Michael Taylor called Eliav's book a compelling study. Taylor showed how Jews embraced Roman bathing culture but managed to navigate nudity, impurity, and idolatry. Rabbinic texts refuted the older assumption that Jews shunned these spaces entirely. Taylor praised the concept of "filtered absorption", which explained how Jews adopted Roman customs without losing their identity.

Sara Jo Ben Zvi highlighted how Eliav's study challenged assumptions about Jews avoiding Roman baths. She noted that the Talmudic sources showed rabbis enjoyed these facilities. She emphasized how Eliav used archaeological findings in Roman Judea to reinforce this conclusion. Ben Zvi praised the author's focus on engineering details that made such bathhouses possible. She observed that the rabbis navigated nudity, possible shaming, and ritual questions without forbidding these baths. She cited Eliav's notion of "filtered absorption," showing how Jews adopted Roman customs while modifying them. She concluded that the book offers a fresh view of ancient Judaism's interaction with Roman culture.

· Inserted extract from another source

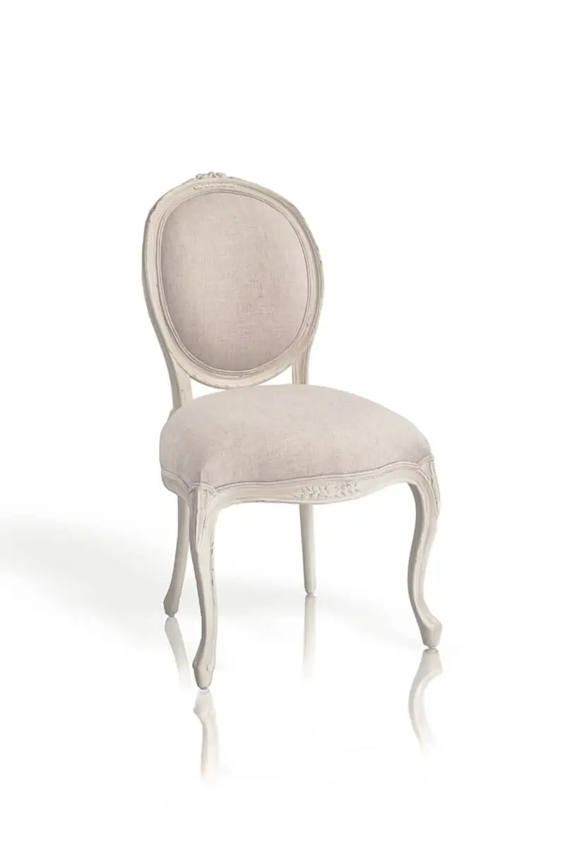 El estilo chic romántico, vintage eminentemente afrancesado de esta silla la convierte en una pieza única y encantadora. El tapizado en la tela de la imagen, una mezcla de lino y poliéster, añade textura y suavidad al asiento, lo que la hace cómoda y atractiva a la vista.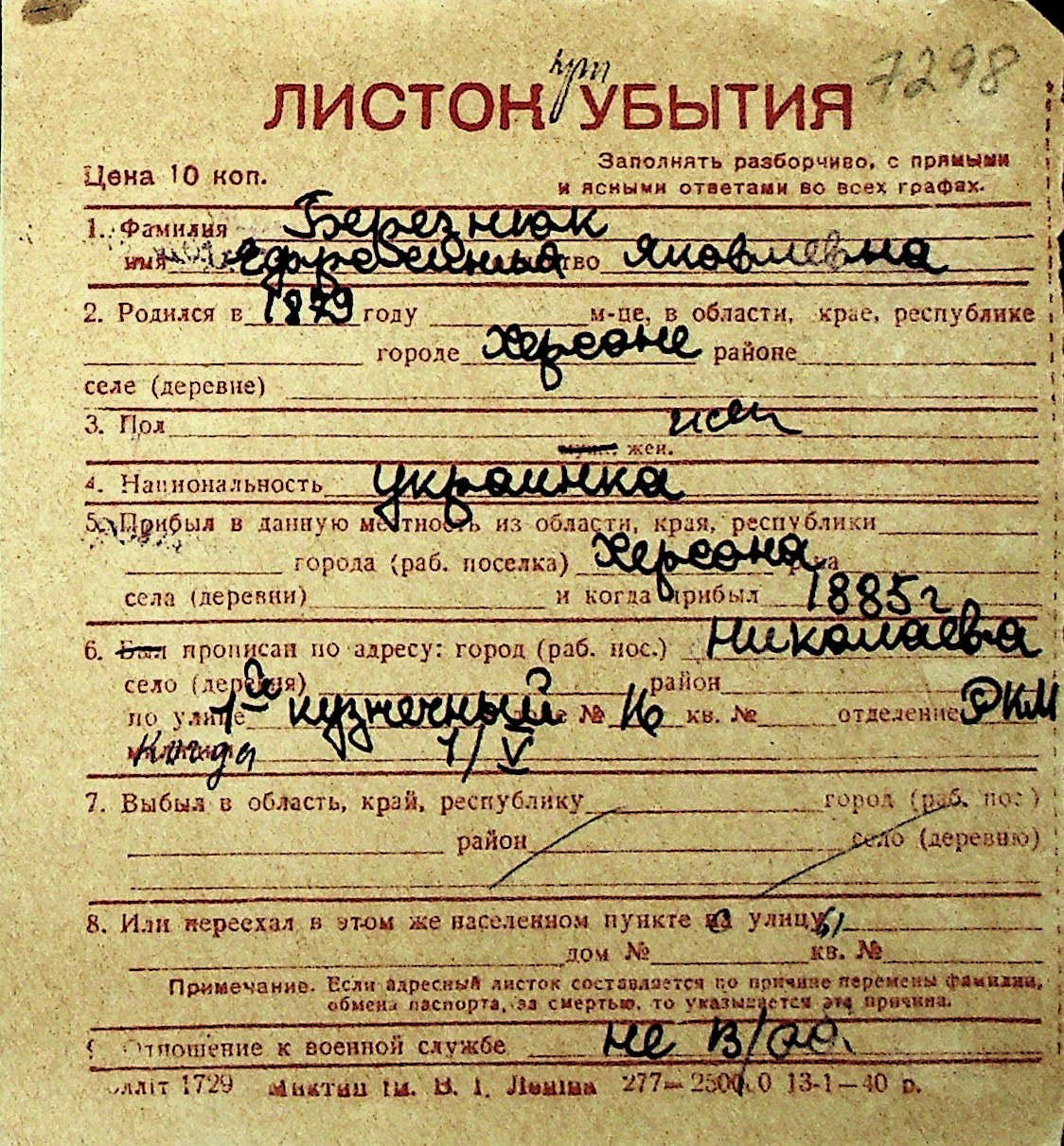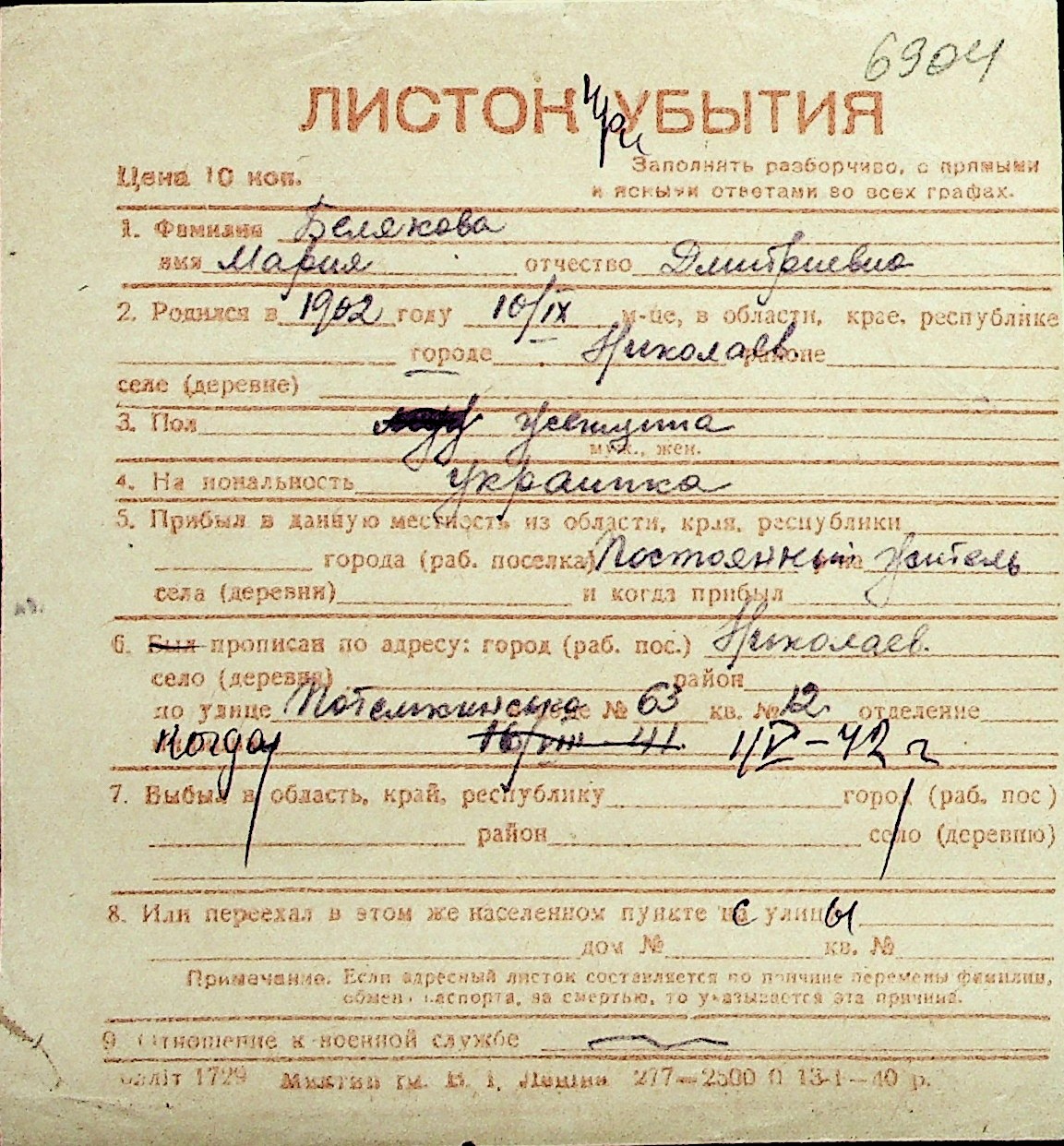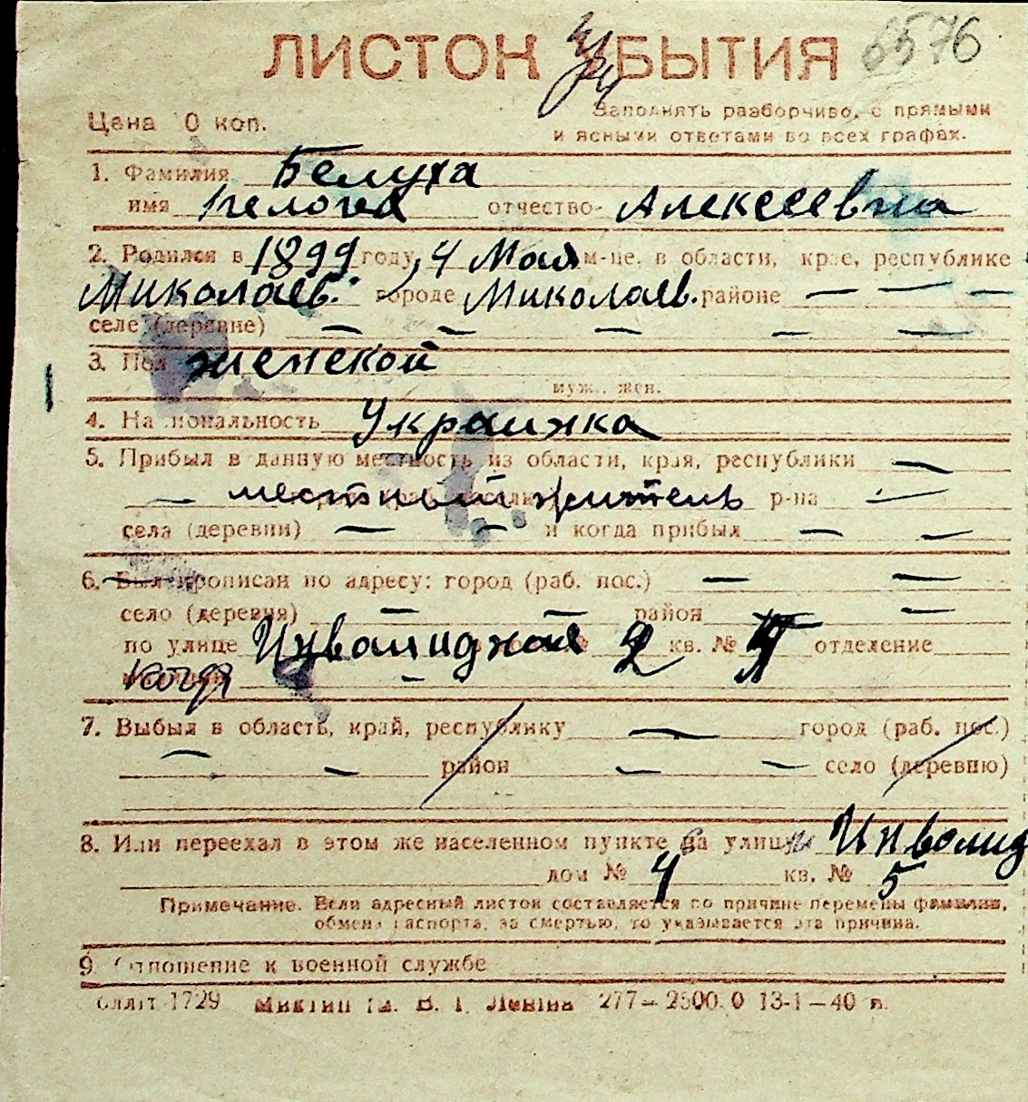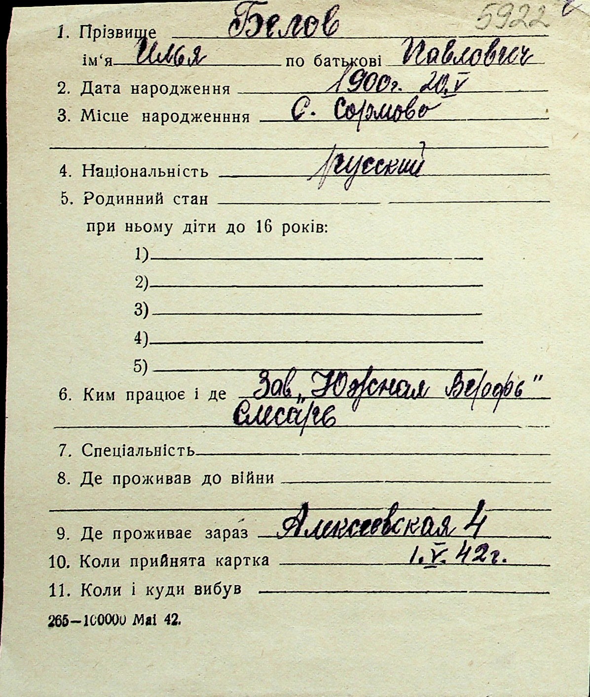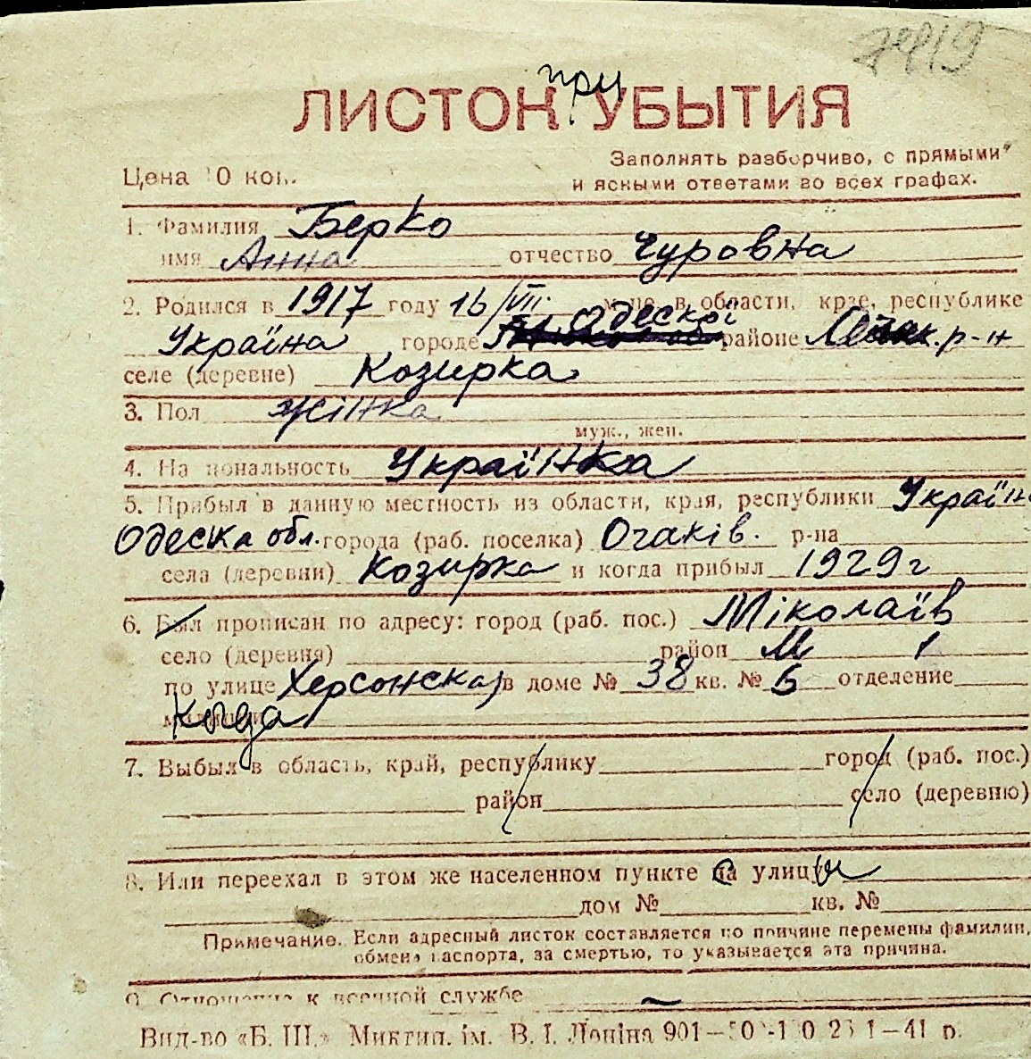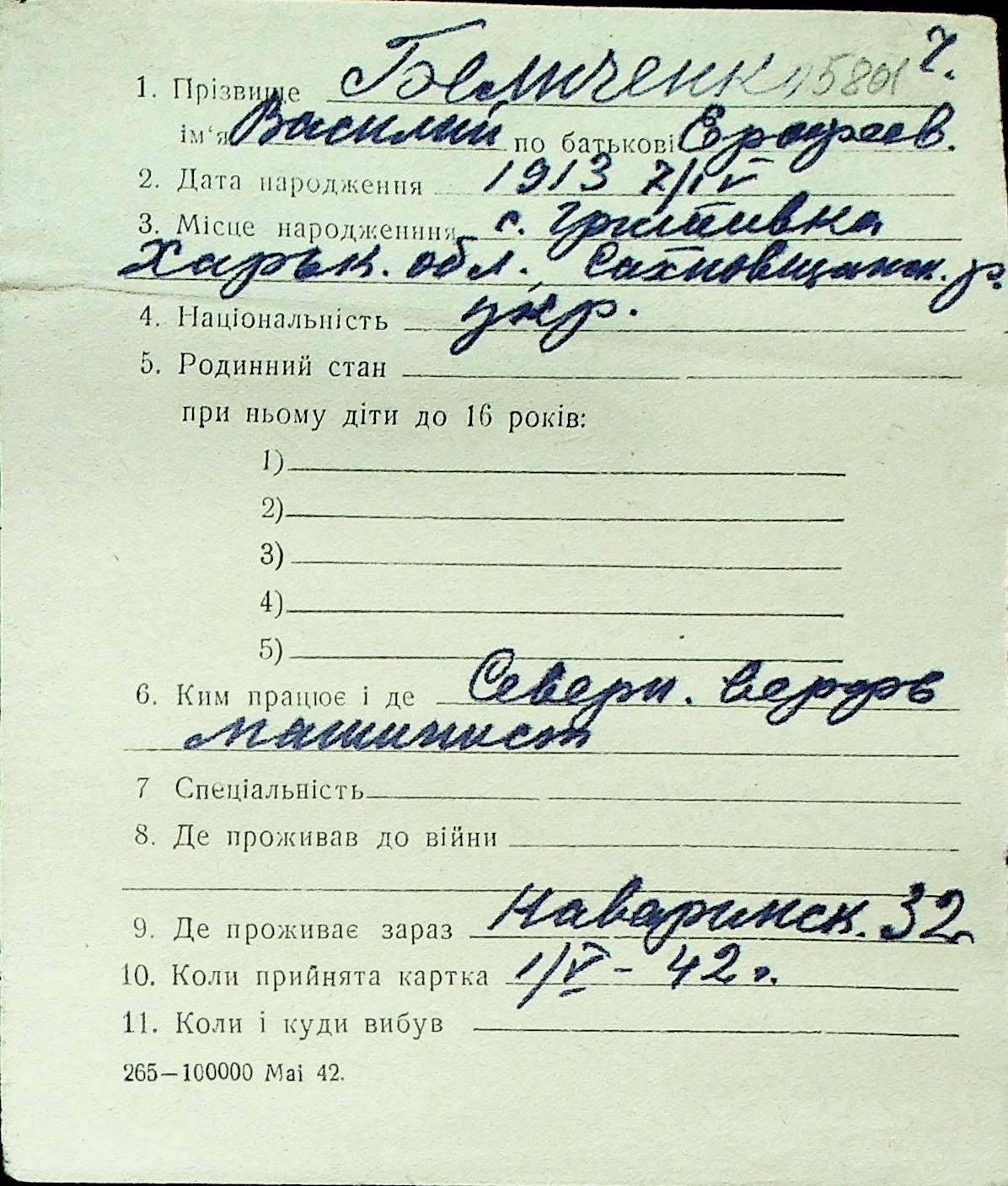 ◦ ◦ Перелік карток на осіб, які мешкали у м. Миколаїв у період окупації 1941–1944 років

Jason Maston saw Eliav's work as a response to older views that Jews avoided Roman bathhouses. He noted that Eliav showed how rabbis actually frequented these spaces. He praised the detailed use of many texts demonstrating Jewish familiarity with bathhouse activities. He highlighted how Eliav addressed nudity, idolatry, social hierarchy, and magic in different chapters. He appreciated Eliav's concept of "filtered absorption". He concluded that scholars would find the book fascinating.

Irish theologian, Thomas O'Loughlin, said Eliav "displays a rare combination of skills", as he brings his cross-discipline expertise in rabbinic legal studies and religious history, to study "the culture of the bathhouse." O'Loughlin found the book well illustrated, showing the geographical locations of baths in the province of Syria. The reviewer said the book challenged the assumption that segregation from the larger society was a crucial part of how Judaism and Christianity came to define themselves. O'Loughlin said the book will be an uncomfortable read for "warriors in contemporary culture wars."

Simon Goldhill judged the book as a rich and detailed examination of Jewish identity within the multicultural environment of the Roman Empire. Goldhill observed how the author drew on an extensive range of sources – from Josephus and Philo to rabbinical texts – to illuminate the complexities of Jewish participation in Hellenistic culture. The reviewer admired the way the book challenged simplistic or purely self-serving historical claims. The author emphasized instead the nuanced nature of cultural interaction. Goldhill also remarked on how Eliav situated these interactions against broader debates about identity and multiculturalism in both ancient and modern contexts.